Kepolisian Resor Mamuju berhasil menangkap Sandi (35), pelaku pemerkosaan terhadap seorang remaja perempuan penyandang disabilitas berusia 15 tahun di Kabupaten Mamuju. Pelaku sempat melarikan diri dan bersembunyi di dalam hutan selama lima hari pasca kejahatannya terbongkar.
Menurut Kasi Humas Polresta Mamuju, Ipda Herman Basir, penangkapan dilakukan pada Rabu (17/12/2025) setelah pelaku berhasil dilokalisir. “Saat ini pelaku masih menjalani pemeriksaan intensif untuk mengungkap secara lengkap peristiwa ini,” jelas Herman, Kamis (18/12/2025.

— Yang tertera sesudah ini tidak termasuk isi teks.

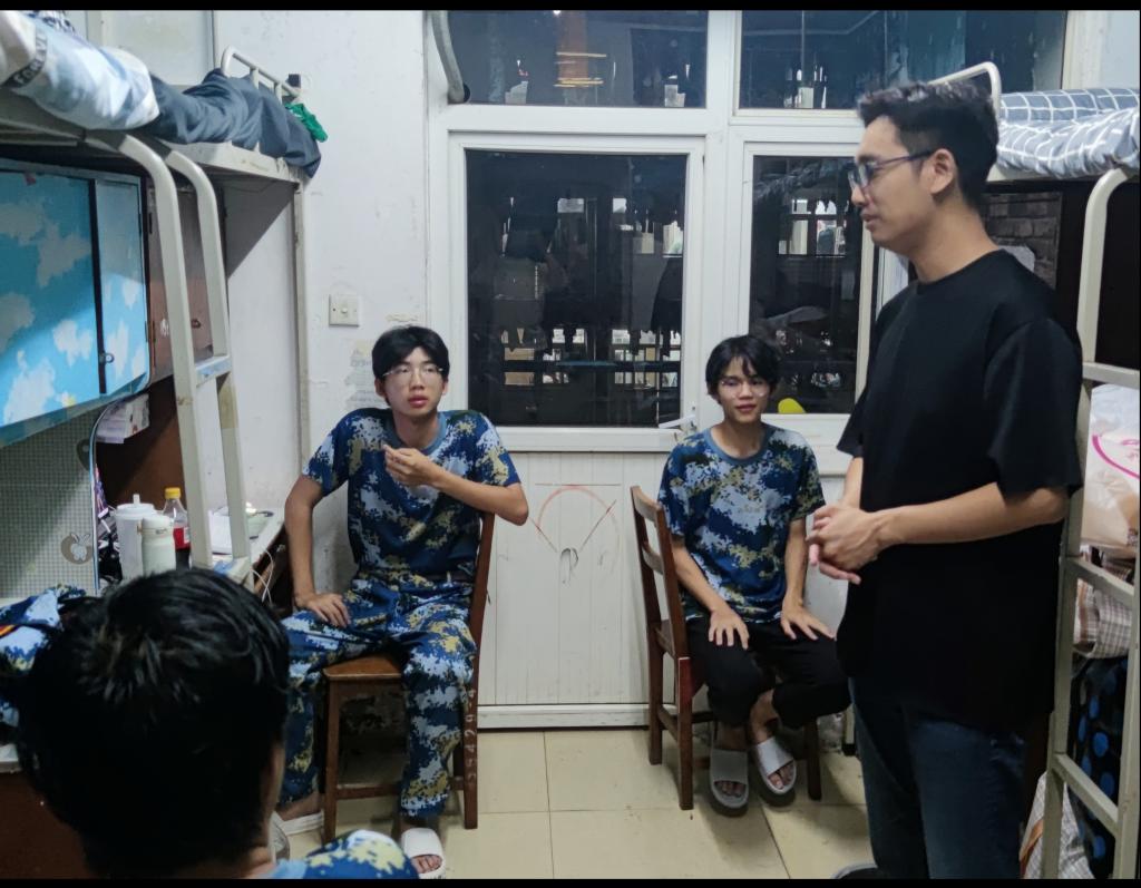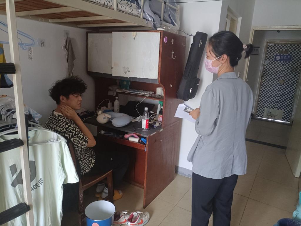 在此次“进宿舍”过程中,辅导员熊亚雄、方媛结合对学生宿舍看、访、查、问等方式方法,对学生宿舍的环境卫生、文化氛围、文明礼貌、人际关系和学风舍风等进行全面、深入、准确的了解和掌握。重点关注2022级新生,围绕新生接下来的课程学习安排,日常生活的作风养成,及军训期间的健康情况进行了细致的询问。对于其他年级学生,从思想动态、学风舍风、学业就业三个方面进行相关交谈,确保掌握各个年级学生的各方面动态。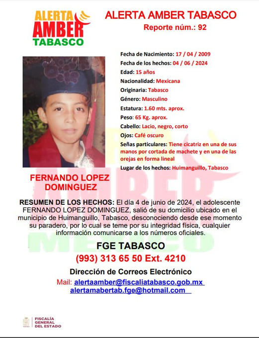 Se busca a Fernando López Domínguez, de 15 años, desaparecido desde el 4 de junio en Huimanguillo, Tabasco. Cualquier información sobre su paradero, comunicarse con las autoridades locales.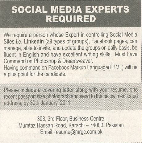 Apply as per details in job advertisement. Login to view further details of how to apply via https://www.jobz.pk online.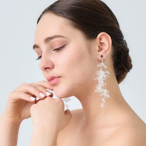 透明なフラワーが瑞々しい輝きを放つデザインのイヤリング。 ボリュームのあるシルエットと優しい光の反射がお顔を明るく輝かせます。 素材:金具部分・真鍮にロジウムカラープレート、アクリル、クリスタルカットビーズ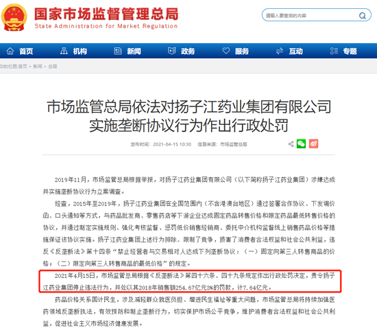 此外,2019年,揚子江藥業也因同樣原因,被國家市場監督管理總局罰款7.64億元,為其上一年度銷售額的3%。
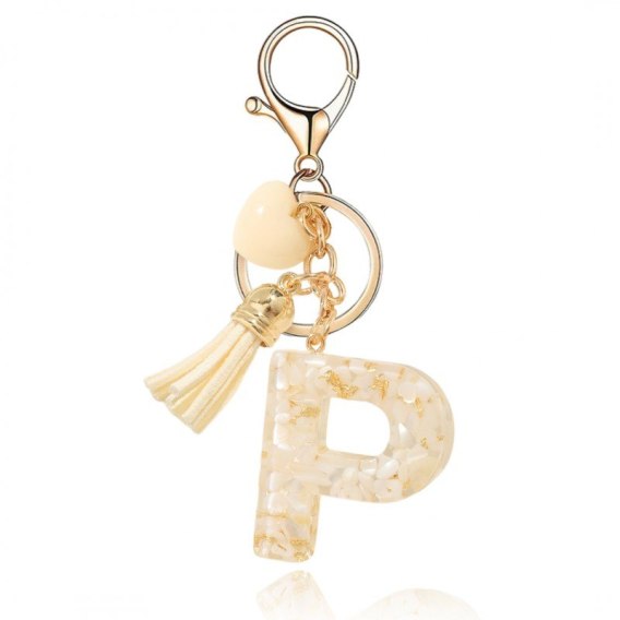 Brelok do kluczy LITERKA "P" biało złote kamyczki z sercem BRL329P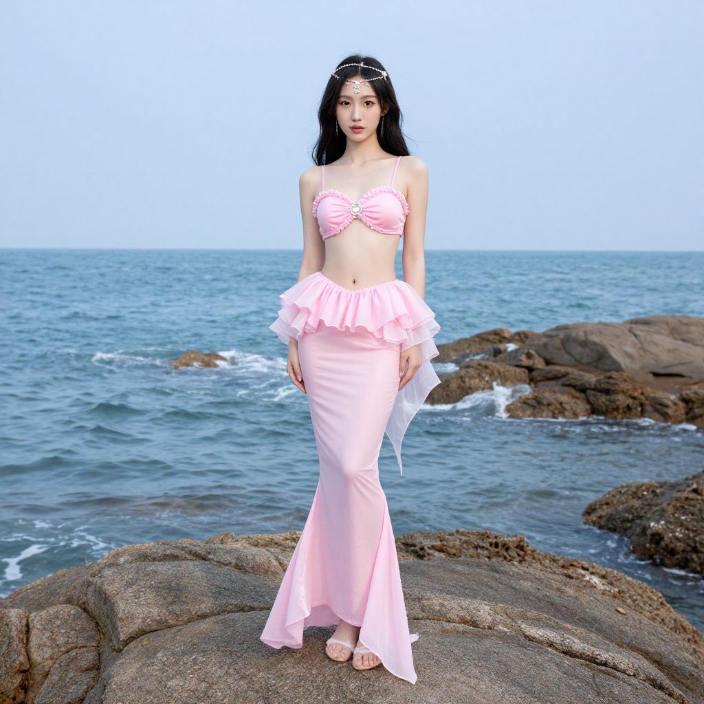 Pink Mermaid Costume, mermaid in a pink dress standing on rocks near the ocean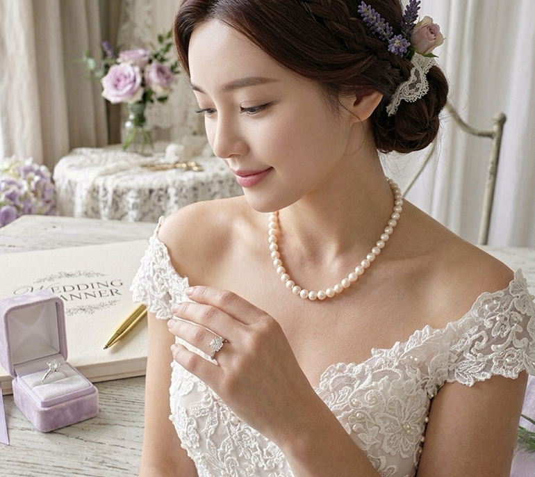 婚約・結婚指輪だけでなく、冠婚葬祭に欠かせない「一生モノの真珠ネックレス」の選び方を伝授。挙式当日のドレスの襟元や、顔合わせの服装に合わせたパールの見せ方をプロが提案します。

Dari hasil penyelidikan sementara, kejadian pemerkosaan remaja disabilitas ini berawal pada Sabtu (13/12/2025) di rumah korban di Kecamatan Kalumpang. Pelaku diduga memanfaatkan keadaan saat korban sedang sendirian karena orang tuanya pergi ke kebun. Sandi kemudian memaksa masuk dan melakukan tindakan kekerasan seksual terhadap korban.
Kasus ini mulai terungkap setelah korban memberanikan diri melaporkan peristiwa tersebut kepada orang tuanya. “Korban adalah anak perempuan berusia 15 tahun yang merupakan penyandang disabilitas,” tegas Herman, menegaskan kondisi rentan korban.
Setelah laporan diterima, polisi langsung melakukan pencarian. Pelaku diketahui kabur dan bersembunyi di area hutan sekitar sebelum akhirnya bisa diamankan. Proses hukum kini sedang berjalan untuk menjerat pelaku dengan pasal yang berlapis, mengingat usia korban yang masih di bawah umur dan kondisinya sebagai penyandang disabilitas.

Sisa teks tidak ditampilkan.